◆ Goal of the exercise:
Give all of the listing again word for word, with images excluded.

◆ Stored data:

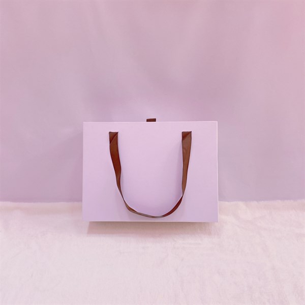 Hộp quà tặng màu trắng gắn nơ nâu (vừa)
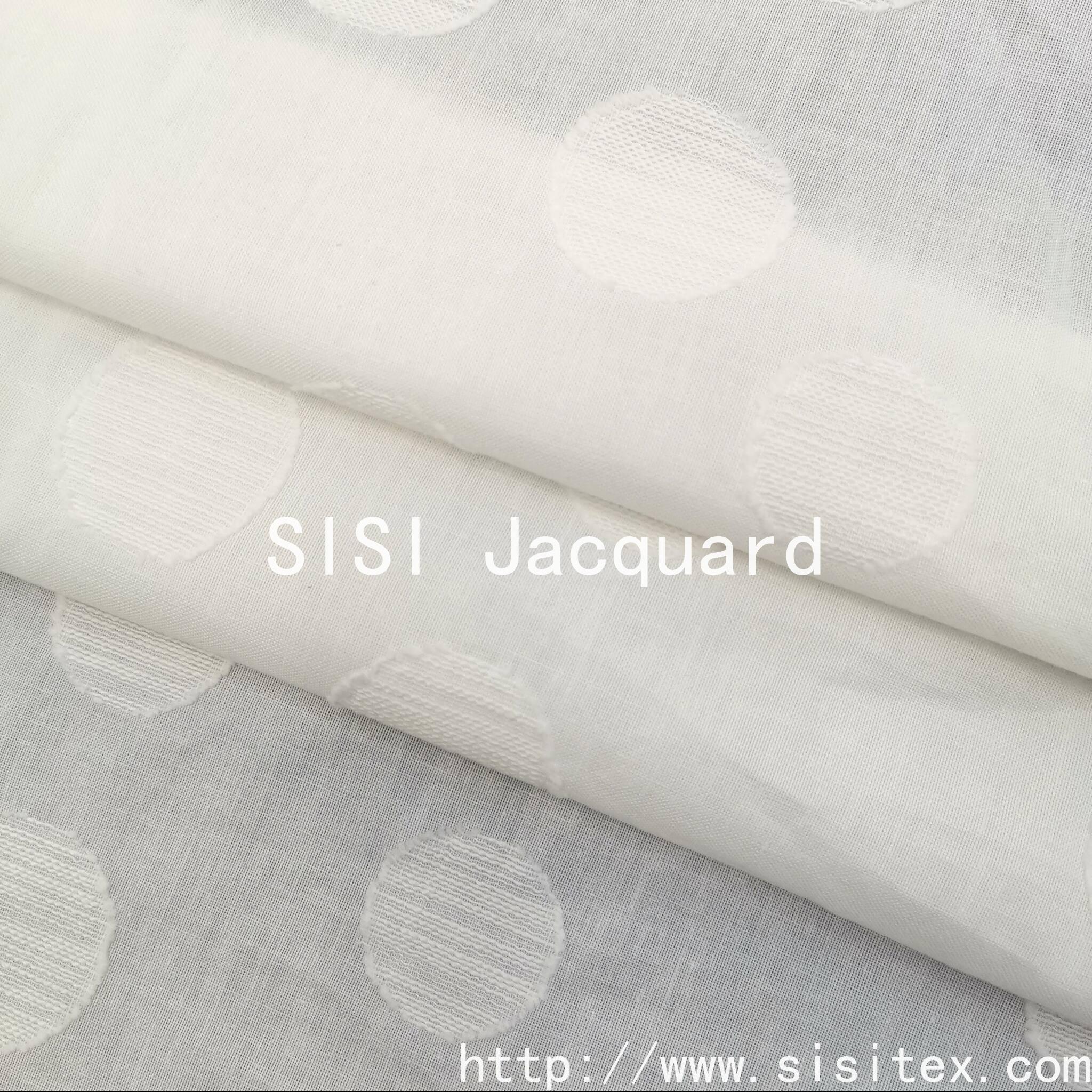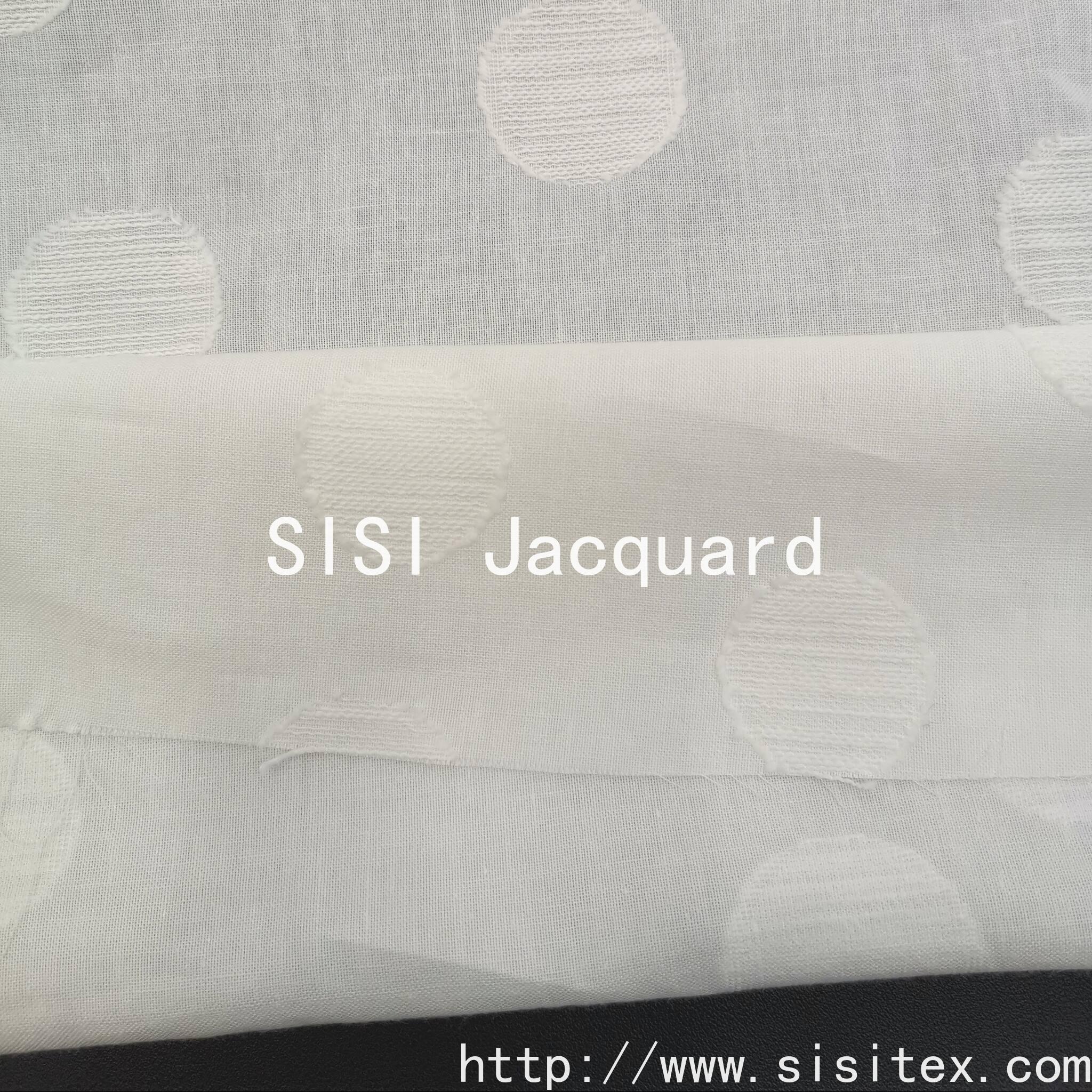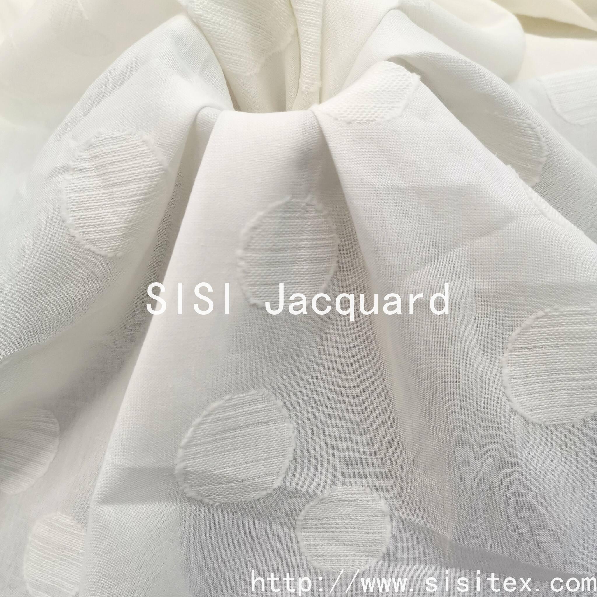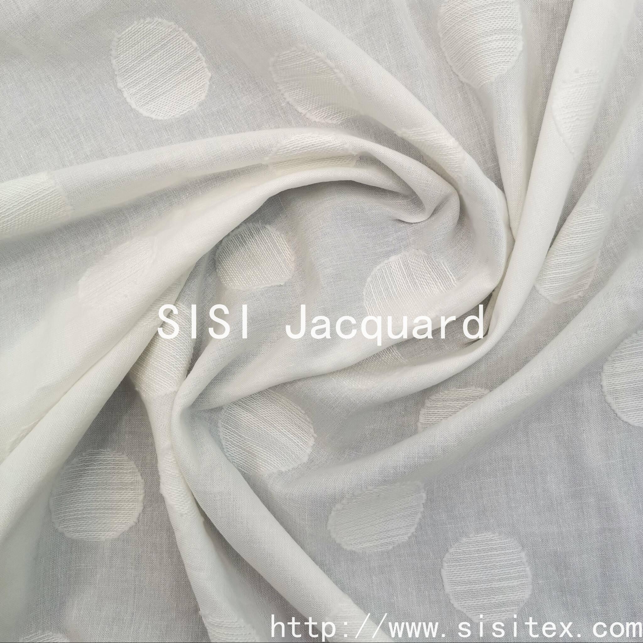 This product features the all-round circle jacquard printed fabric SS20028. It is made of 100% cotton. Firstly, a soft circular pattern is woven using the jacquard technique, and then, by the hands of skilled artisans, the precise cutting of the fabric is carried out to create each circle on the fabric, resulting in a charming relief texture. The cutting technique precisely cuts the local yarns on the basis of the jacquard pattern, creating a relief-like effect similar to a relief sculpture, perfectly echoing the revival of the "new artisan spirit". The circle, this classic geometric element, with its soft and smooth shape, finds a balance between retro and futuristic elements.
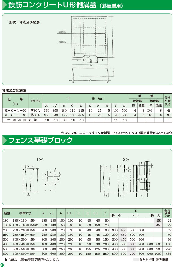 鉄筋コンクリートU型側溝蓋 / フェンス基礎ブロック
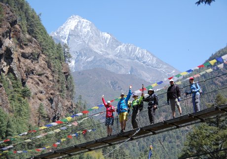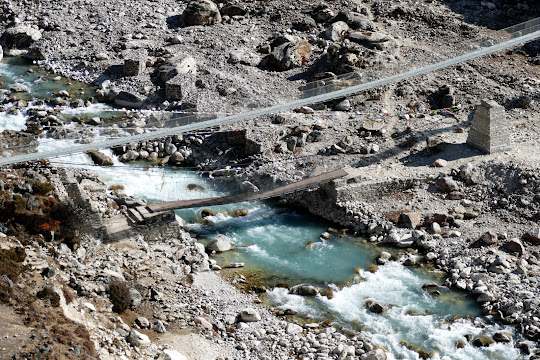 Через Монджо проходит граница Национального парка Сагарматха. Постепенно курортный район уступает место более сказочным пейзажам, которые удобнее всего наблюдать с моста сэра Эдмунда Хиллари, по которому мы перейдём в Верхний Солукхумбу или просто Кхумбу.

◆ Exercise answer:
 Hộp quà tặng màu trắng gắn nơ nâu (vừa)
 This product features the all-round circle jacquard printed fabric SS20028. It is made of 100% cotton. Firstly, a soft circular pattern is woven using the jacquard technique, and then, by the hands of skilled artisans, the precise cutting of the fabric is carried out to create each circle on the fabric, resulting in a charming relief texture. The cutting technique precisely cuts the local yarns on the basis of the jacquard pattern, creating a relief-like effect similar to a relief sculpture, perfectly echoing the revival of the "new artisan spirit". The circle, this classic geometric element, with its soft and smooth shape, finds a balance between retro and futuristic elements.
 鉄筋コンクリートU型側溝蓋 / フェンス基礎ブロック
 Через Монджо проходит граница Национального парка Сагарматха. Постепенно курортный район уступает место более сказочным пейзажам, которые удобнее всего наблюдать с моста сэра Эдмунда Хиллари, по которому мы перейдём в Верхний Солукхумбу или просто Кхумбу.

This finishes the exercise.